I woke up early this morning and started puttering around the house like I tend to do, trying to be as quiet as I could so as not to wake up the other people in the house who were still asleep. Anyway, I dropped a dish in the dishwasher a little louder than I wanted to and the plates clanked together rather loudly. Fortunately everyone managed to sleep through it, but I didn’t want to push my luck, so I decided to sit in the living room to read some news on my phone.
There are a lot of stories that hit my phone I really don’t need to be reading if I want to have a good day, and I try to avoid them whenever I can. Sometimes, like this morning, I find something that is good for me to read. It gets my mind working, and has me thinking about things in a different way than I have been.
The article I came across was about car dealerships. It was entitled “Car dealers could learn a lot from Starbucks, Grubhub and Amazon when it comes to customer service.” It was all about how to create a good ownership experience for your customers. Frankly it had a lot of good points and a few good ideas, but more importantly, it got me thinking. Then the questions came.
What if we treated every one of OUR customers like we treat any and all Newmar customers? What would that cost us and what would it get us? Could we find a way to charge for it?
What if we had a way for our customers to book themselves service appointments on line? That could completely avoid the “I can’t get through, and no one called me back” that I hear every so often from customers.
Could we have all RV part orders tracked with the tracking status on line so customers could check where they are in the process of getting their repairs done? I know exactly when my amazon order will arrive with a click of a button. Why not the door handle on my fridge?

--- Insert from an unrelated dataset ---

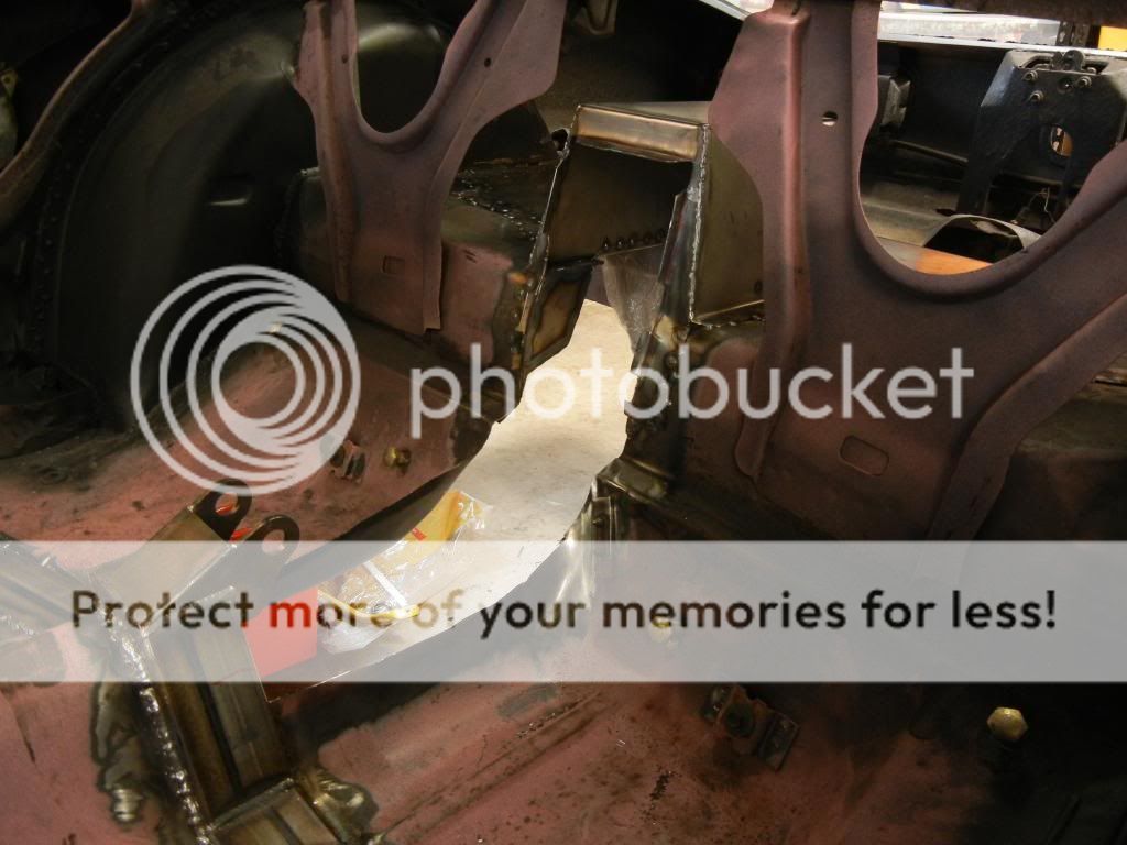 So the last substantive fabrication/welding task was to finish the install of the Lateral Dynamics 3-Link. I had the front x-member in before work stalled. http://i490.photobucket.com/albums/r...ps55d4bd8d.jpg The remaining bits were installing the rear x-member, closing out the torque box, and installing the close-out panels/boxes to make room for the upper trailing arm. Here's the rear x-member installed. I had it powder coated in a light gray. I hated to cover up Matt's welds, but the guy at the PC shop said a clear PC would discolor and look really lousy. http://i490.photobucket.com/albums/r...ps95903836.jpg For some reason, I really enjoy doing those rosette welds. They're just kinda fun. As you can see, I had to put a doubler on the frame to take up the gap between the length of the x-member and the width of the frame. James had to pound his frame rails out to make his fit. Yeah late-60's manufacturing inconsistencies! Here's the torque box closeouts. I hadn't finished grinding the welds down when I snapped the pic. Kathy was calling me to dinner. http://i490.photobucket.com/albums/r...ps96064539.jpg Then I roughed in the trunk pan closeout and the doghouse that houses the upper link on the rear end housing. http://i490.photobucket.com/albums/r...psd1073ff6.jpg http://i490.photobucket.com/albums/r...ps9ffbae7e.jpg http://i490.photobucket.com/albums/r...psff6c7ed8.jpg http://i490.photobucket.com/albums/r...ps7594a362.jpg http://i490.photobucket.com/albums/r...pse3a7445c.jpg http://i490.photobucket.com/albums/r...ps327d2017.jpg |

Think about the Pizza tracker from Domino’s Pizza. I can order on line, and I immediately get an icon of a guy making a pizza with a little moving red bar right below him. It tells me that they are processing my order, then making the pizza, then it is getting ready to ship, then it is on its way. I can almost time when to open my door as the delivery person comes walking up with the pizza.
What if we offered to pick up and deliver a customer’s RV for service work, for a fee? Or offered mobile service writers? Could that create a new revenue source for us, and would it automatically reduce the amount of time we stored customer’s units while we waited for parts to RVs that are still totally usable?
Would all of these things keep customers more informed, and at the same time free up our best people to do the revenue producing parts of their jobs? Wouldn’t that be better than keeping our people bogged down with phone calls to and from customers just to update them that the parts aren’t in yet, or that that we expect your RV to be done and ready to pick up next Tuesday?
Most importantly, what would be the customer experience? Would they be more or less likely to buy from us again?
What kind of a closing tool would that be for us?